Article

Ameloblastic Carcinoma: Case Report and Literature Review

Faculty of Dentistry, Laval University, Cité universitaire, Ste-Foy, Quebec.
Journal (Canadian Dental Association) (Impact Factor: 0.6). 11/2003; 69(9):573-6.
Source: PubMed

ABSTRACT Ameloblastic carcinoma is a rare malignant lesion with characteristic histologic features and behaviour that dictates a more aggressive surgical approach than that of a simple ameloblastoma. However, reliable evidence of its biologic activity is currently unavailable due to the scarcity of well-documented cases. It occurs primarily in the mandible in a wide range of age groups; no sex or race predilection has been noted. It may present as a cystic lesion with benign clinical features or as a large tissue mass with ulceration, significant bone resorption and tooth mobility.
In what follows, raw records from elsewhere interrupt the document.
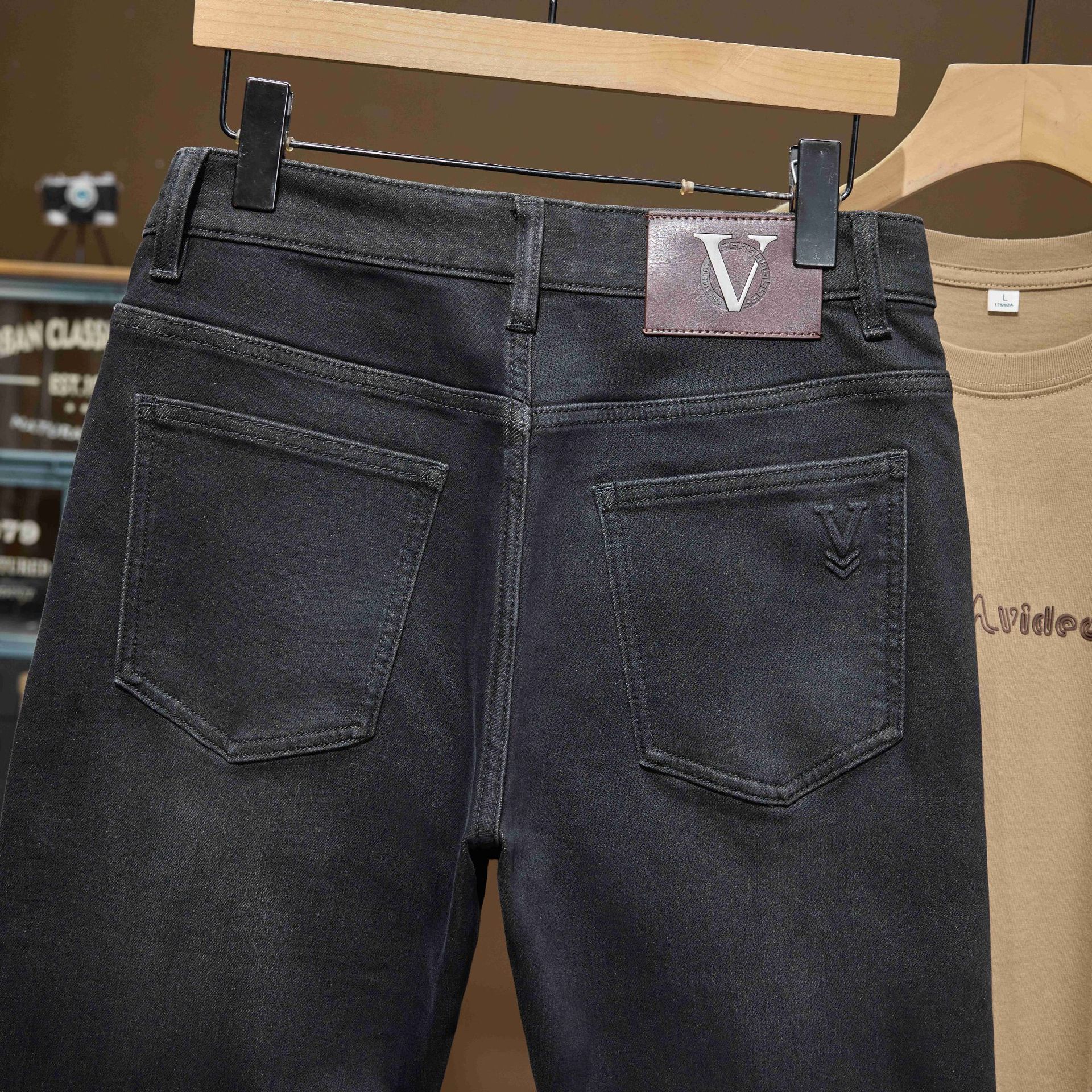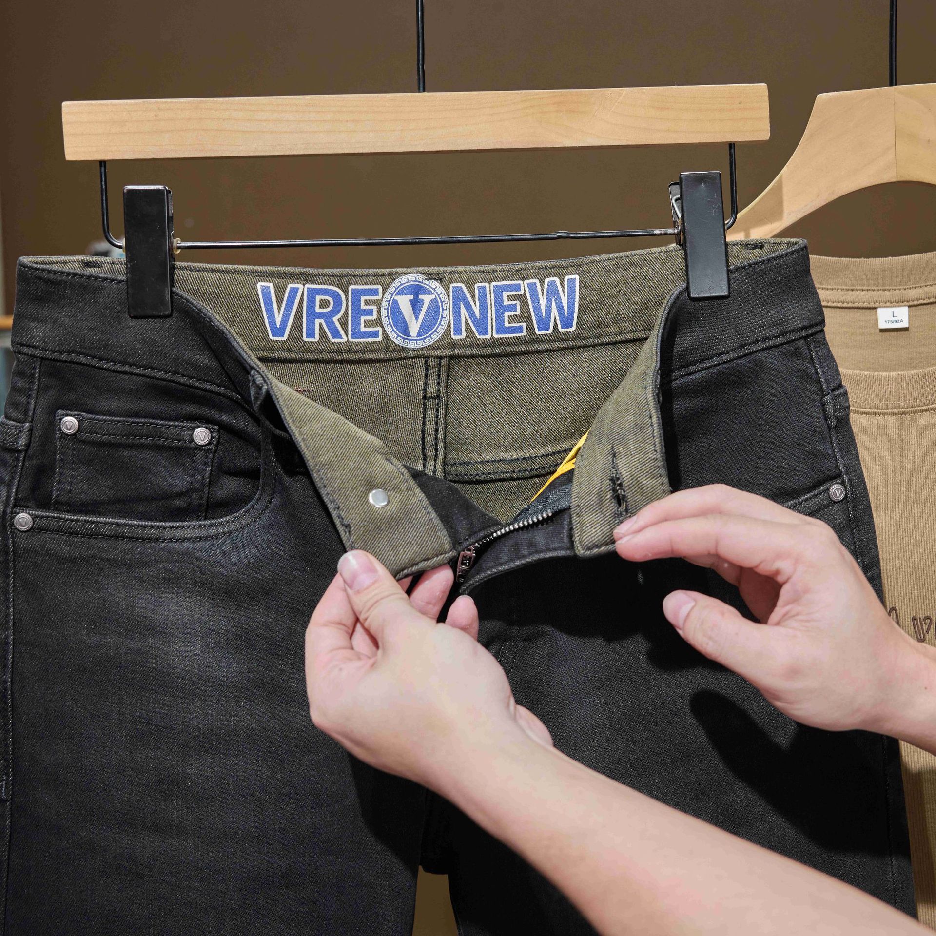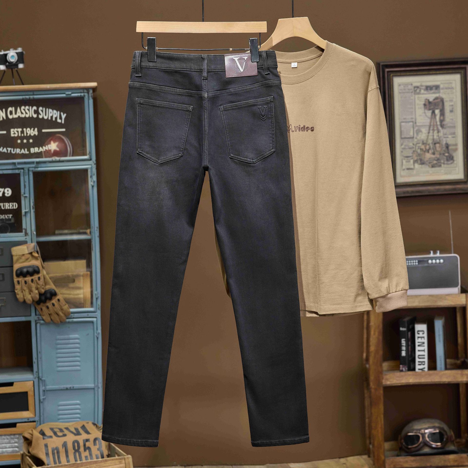 2025秋冬新款男士纯黑厚款牛仔裤弹力修身小直筒潮牌百搭休闲长裤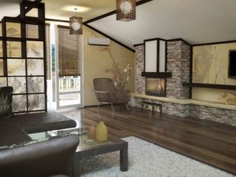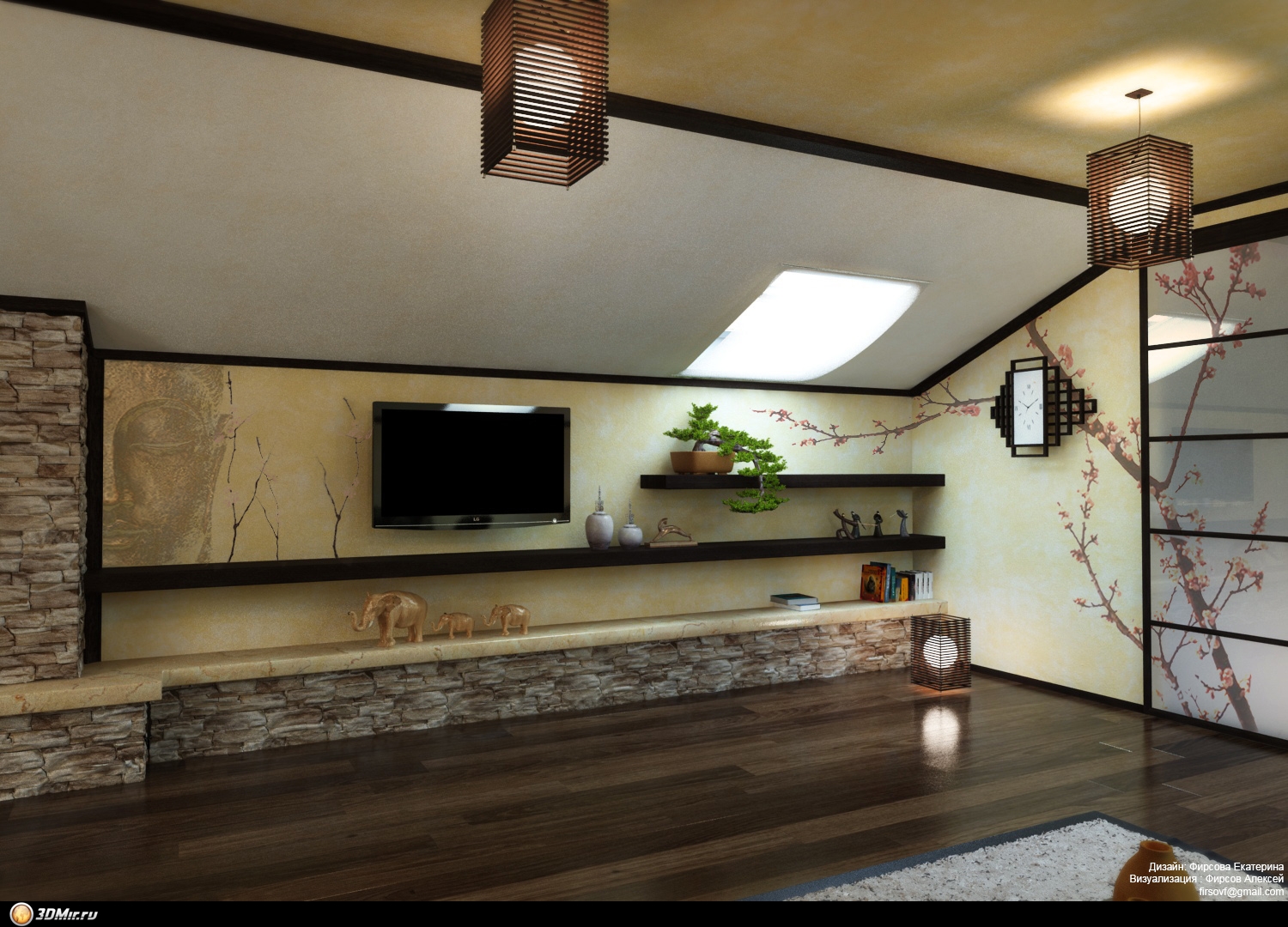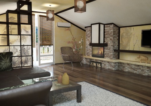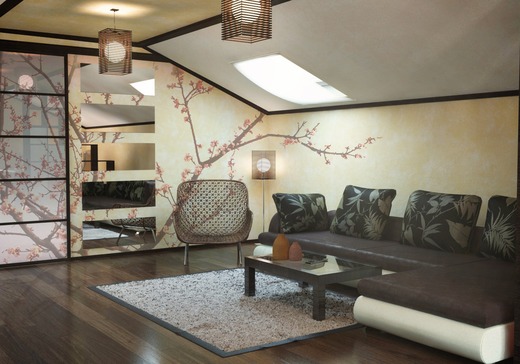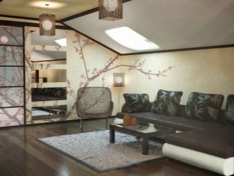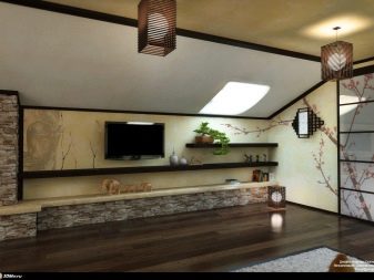 - die japanischer Stil Attic zeichnet Liebhaber von Minimalismus und klaren Linien. Die überprüften geometrischen Linien des Raumes unter dem Dach ergänzen das Minimum der Möbel von prägnantem Design und Formen. Das Design verwendet hier ein Minimum an Zubehör, und der Hauptbeton des Designs sind kontrastierende Schattierungen im Inneren, zum Beispiel eine Kombination aus beigen Wänden mit dunkelbrauner Bodentextur und Balken. Die Philosophie dieses Stils ist "nichts überflüssiges", also kann man in so einem Dachboden gemütlich mit einer Tasse Tee entspannen.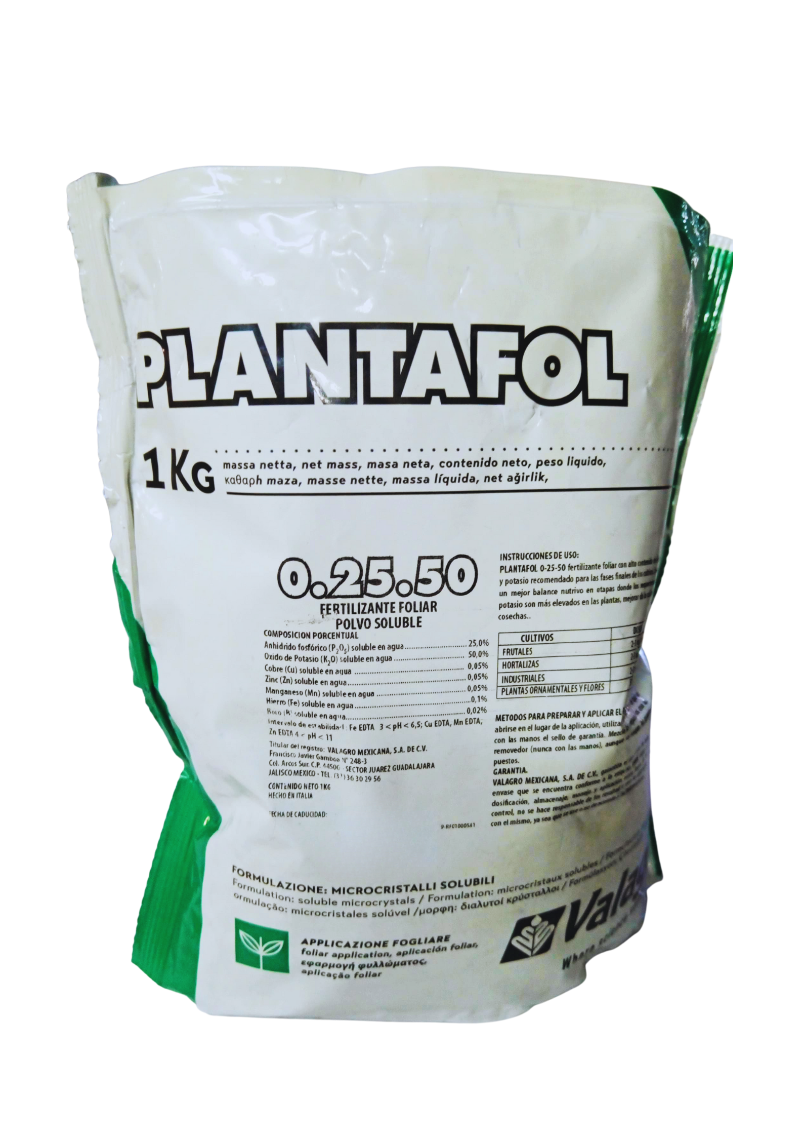 Plantafol 0 25 50 previene la aparición de estados carenciales y favorece el desarrollo equilibrado de los cultivos. Plantafol es una línea de integradores foliares caracterizada por una elevada solubilidad y una rápida y completa absorción al interior de la hoja.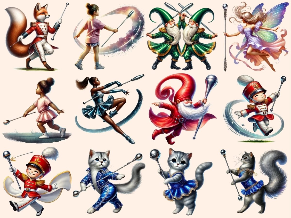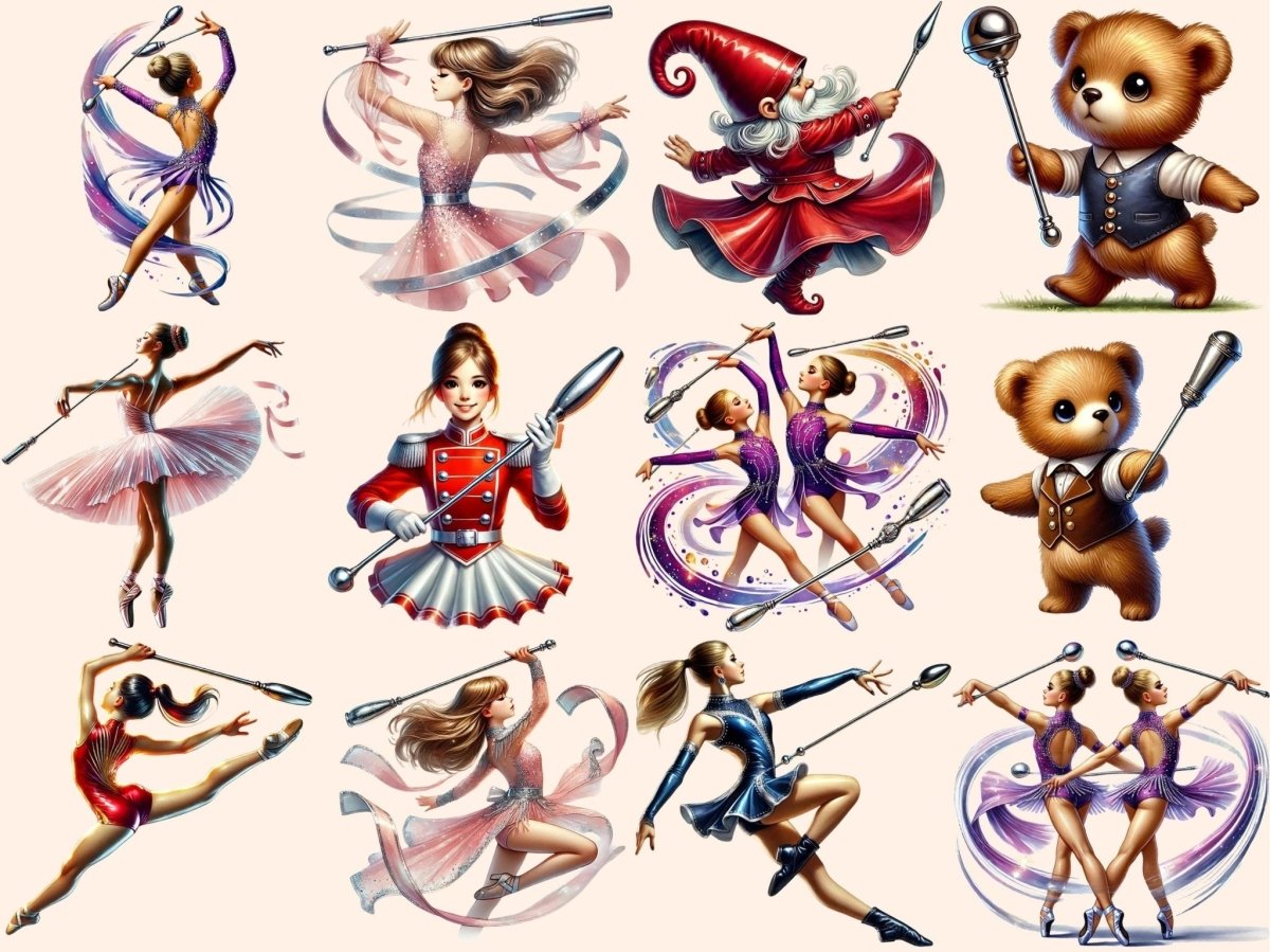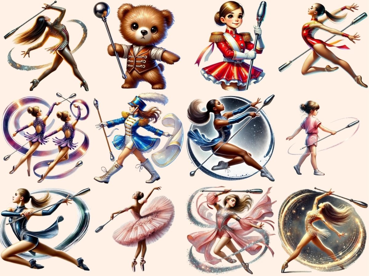 Baton Twirling Clipart is designed for digital creators, educators, coaches, and anyone who celebrates the artistry of twirling. You get transparent PNGs, 300 dpi (4096×4096 px; 13.65×13.65 in / 34.67×34.67 cm), with clean cut edges. Every digital element in this Baton Twirling Clipart bundle ... Show more...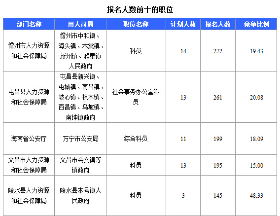 報名通過審核人數(shù)前十的職位主要集中在各大人力資源廳,具體信息如下: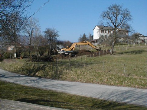 Enfin le premier coup de pelleteuse. (Nous avions pensé le faire à la pelle et à la pioche mais après un rapide calcul il aurait fallut 2 ans à un homme seul pour dégager la terre avec une brouette en travaillant 365 jours par ans -;) , il à fallut une petite semaine pour décaper la terre végétale et creuser le trou et les fondations avec la pelleteuse (C’est tout de même bien le progrès ;-).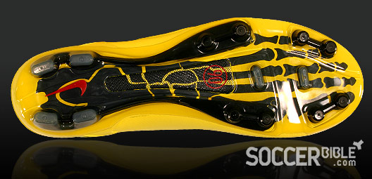 In a ironic nod to the problems the AZT series had encountered publicly before, the sole plate of the Laser featured a foot skeleton graphic which Nike claimed showed the added protection the Laser offered the player over previous versions. Again, the soft ground sole plate featured 6 removeable studs whilst the firm ground edition did not see much change from the AZTIII''s layout. During an 12 month spell 8 colourways of the Laser were released, including K-Leather and synthetic versions.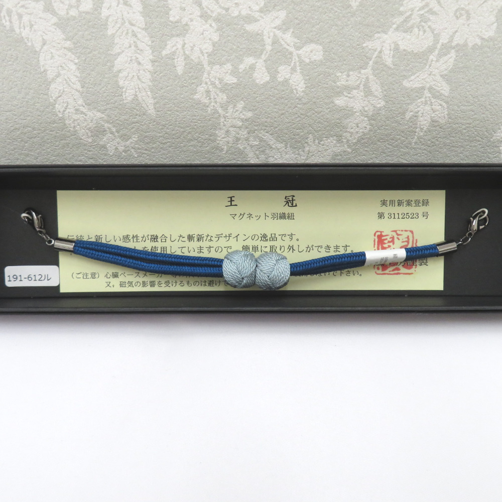 > 和小物 羽織紐 女性用 翠嵐工房謹製 王冠マグネット 絹100% 水色・ティールブルー 正絹 レディース 組紐 和装小物 小田巻 新品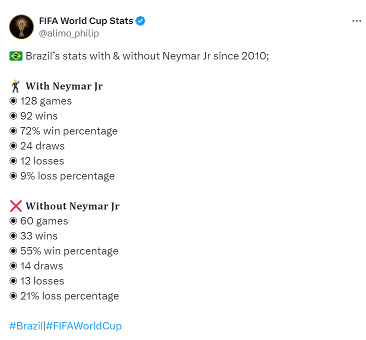यसरी ब्राजिलले जितका लागि संघर्ष गरिरहँदा स्टार खेलाडी नेयमारको चरम अभाव खड्किएको ब्राजिलका समर्थकहरूको आँकलन छ । सन् २०१० मा नेयमारले डेब्यु गरेयता उनी हुँदा र नहुँदा कति फरक पर्छ ? तथ्यांकका अनुसार नेयमार टोलीमा रहँदा ब्राजिलको जित धेरै रहेको छ ।

Because the lesion is usually found unexpectedly after an incisional biopsy or the removal of a cyst, a guide to differential diagnosis is not usually useful. The identifying features of ameloblastic carcinoma must be known and recognized by dental practitioners. Our understanding of the histologic features of ameloblastic carcinoma is somewhat vague. The tumour cells resemble the cells seen in ameloblastoma, but they show cytologic atypia. Moreover, they lack the characteristic arrangement seen in ameloblastoma. The clinical course of ameloblastic carcinoma is typically aggressive, with extensive local destruction. Direct extension of the tumour, lymph node involvement and metastasis to various sites (frequently the lung) have been reported. Wide local excision is the treatment of choice. Regional lymph node dissection should be considered and performed selectively. Radiotherapy and chemotherapy seem to be of limited value for the treatment of ameloblastic carcinomas. At the moment, there are too few reported cases to make a definite recommendation regarding treatment. Close periodic reassessment of the patient is mandatory.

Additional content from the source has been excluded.